Mike phrases what he claims is my position in relation to Marxists' attitude to social democracy in a rather odd manner. According to Mike my position is that “we should not criticise the realism of proposals to implement social democratic policies through taking government office under present conditions.” 

Actually, what I said was that social democratic policies are not hostile to industrial capital, and so it is not unrealistic for social democratic parties to pursue such policies. But, such policies may be opposed by those sections of capital which see those policies as immediately against their interests. The owners of bonds will not be happy if debt is written off, or bond prices collapse. Shareholders will not be happy if stock markets fall, as central banks stop intervening to pump liquidity into capital markets. Landowners will not be happy as rising interest rates cause property prices to collapse. And conservative politicians will reflect those concerns by opposing social democratic governments that try to introduce measures, which threaten to have such consequences.  The fact, that large parts of the electorate were also duped into the belief that they became wealthier simply on the back of rising house prices, and stock and bond prices, and its effect on their pensions, even though actually the opposite was the case, was one reason that New Labour, was led into such positions too.

Rent v Capital Gain 


Yet, as I pointed out, not even that opposition is a given. Engels in Anti-Duhring, describes a condition of state-capitalism in which a class of rentier money-capitalists simply sit back and clip coupons, taking interest on the bonds they own, as providers of money-capital to the state. In the end, all that these rentier capitalists are concerned with is the maximisation of that interest. And that interest is ultimately maximised when industrial capital is able to grow, and to maximise profits, out of which that interest is paid.

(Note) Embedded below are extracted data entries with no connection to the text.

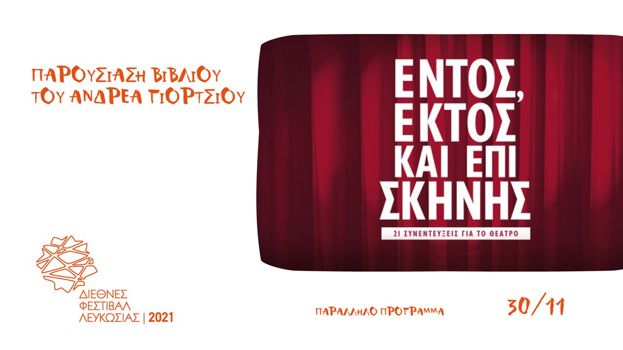 Ο δημοσιογράφος Ανδρέας Γιόρτσιος, παρουσιάζει το βιβλίο του «Εντός, εκτός και επί σκηνής. 21 συνεντεύξεις για το θέατρο» στο πλαίσιο του Παράλληλου Προγράμματος του Διεθνούς Φεστιβάλ Λευκωσίας την Τρίτη 30 Νοεμβρίου στις 18:00 στο Δημοτικό Θέατρο Λευκωσίας.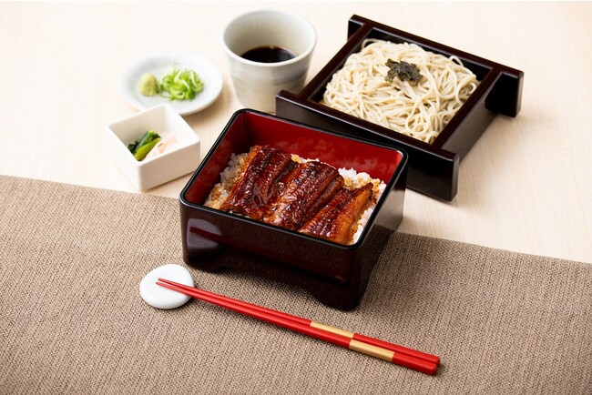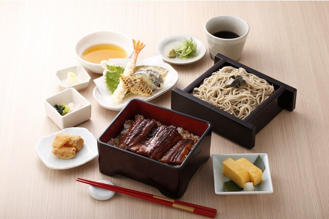 家族亭では、フェア期間中、定番のうな重とおそばのセットはもちろん、ちょっと豪華に天ぷらもついた「うな重と季節の天ぷらセット」を販売します。ふんわり焼き上げたうなぎと揚げたての季節の天ぷら、ミニざるそばのセットが暑い夏でも食欲をかきたてます。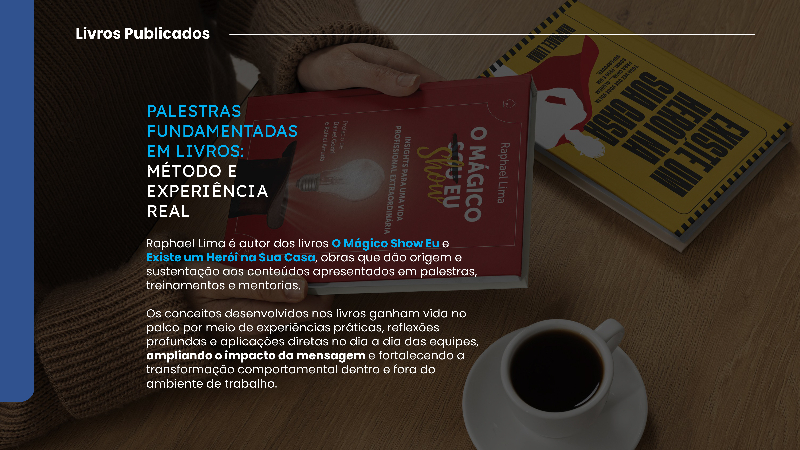O palestrante mantém a mesma linha de comunicação, linguagem e metodologia do primeiro ao último dia do evento, criando unidade e conexão entre os temas.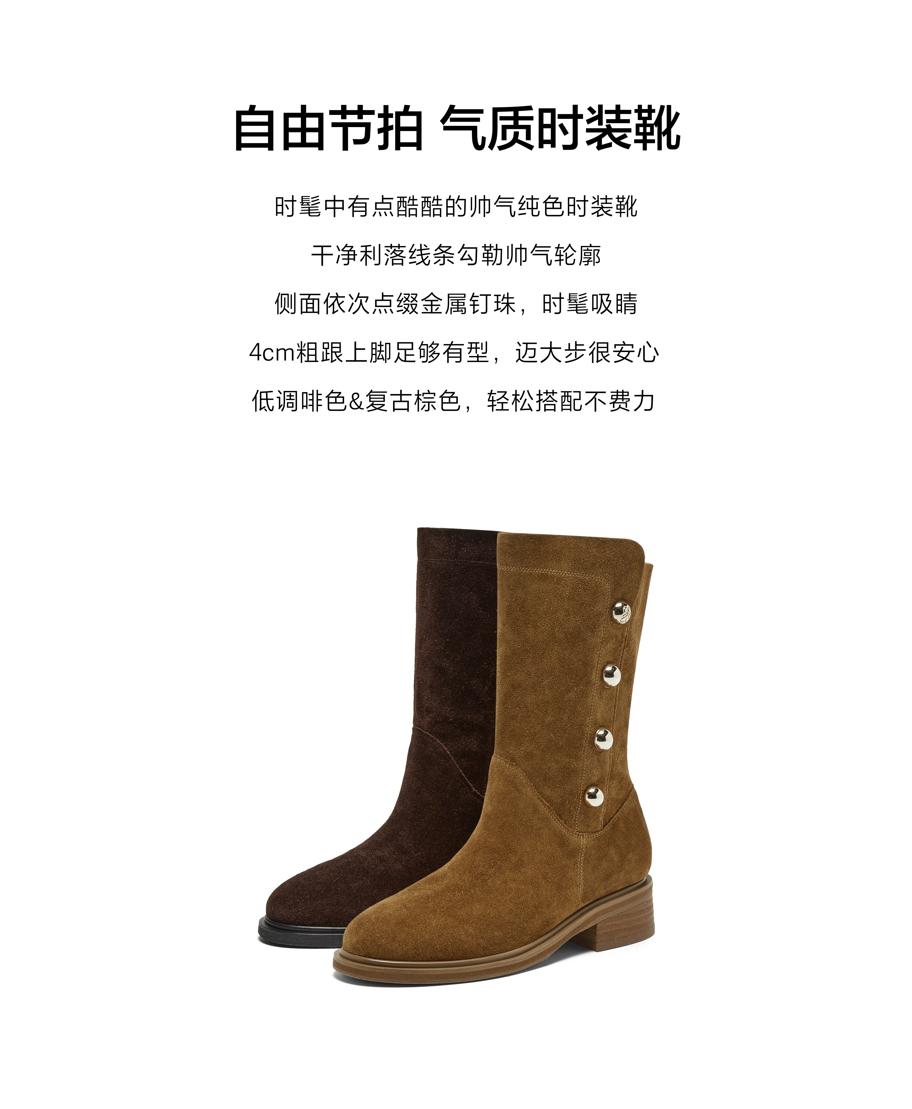 | 风格:复古 | 鞋面内里材质:羊皮革 | 色系:棕色 | 跟高数值:4CM | 筒高数值:23CM |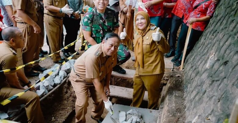 Wali Kota Eva Dwiana Letak Batu Pertama Pembangunan Tugu Pagoda dan Gapura Teluk Betung Town

Rather than the period after WWII, up to the mid 1970's, being an anachronism, it is the period over the last 25 years which in many ways has been an anachronism, because it has been a period, where instead of being concerned with maximising that interest on money-capital, or rent on land, i.e. yield, the owners of this fictitious capital have instead been concerned with maximising speculative capital gains, a process which is unsustainable, and has only been sustained thus far as a result of the unprecedented levels of state intervention to keep asset price bubbles inflated.

Yet, the reality is that even the representatives of that interest-bearing capital realise that the current situation is not sustainable, and that the current bubbles will, in the not too distant future burst. They understand the concept of “extend and pretend”, as it is applied not just to an economy like Greece, but also to the vast amount of private household debt that exists across Europe and North America. In the case of Greece, huge amounts of debt already was written off, in the hope of maintaining the process of “extend and pretend” for a while longer, and thereby not suffer an even greater write off of debt.

The Return of Keynes


Those representatives have themselves also begun to state more openly that monetary policy has come to the end of the line, and that a return to Keynesian fiscal stimulus, of some form of large-scale, coordinated capital investment programme across Europe is required. The IMF's leaked negotiations in that regard, in relation to Greece, are an illustration of that, as the IMF has basically announced to the EU leaders - “Over to you.”

In fact, it is precisely because that money-capital is subordinated to industrial capital, that ultimately, social-democratic measures that bring about a rejuvenation of industrial capital, remove the fetters on capital accumulation that current conservative policies have inflicted, and thereby make possible a huge rise in the mass of profits, will simultaneously benefit that interest-bearing capital too. It will lose a large part of its current inflated paper valuation, but will see a significant rise in its revenue, as yields rise.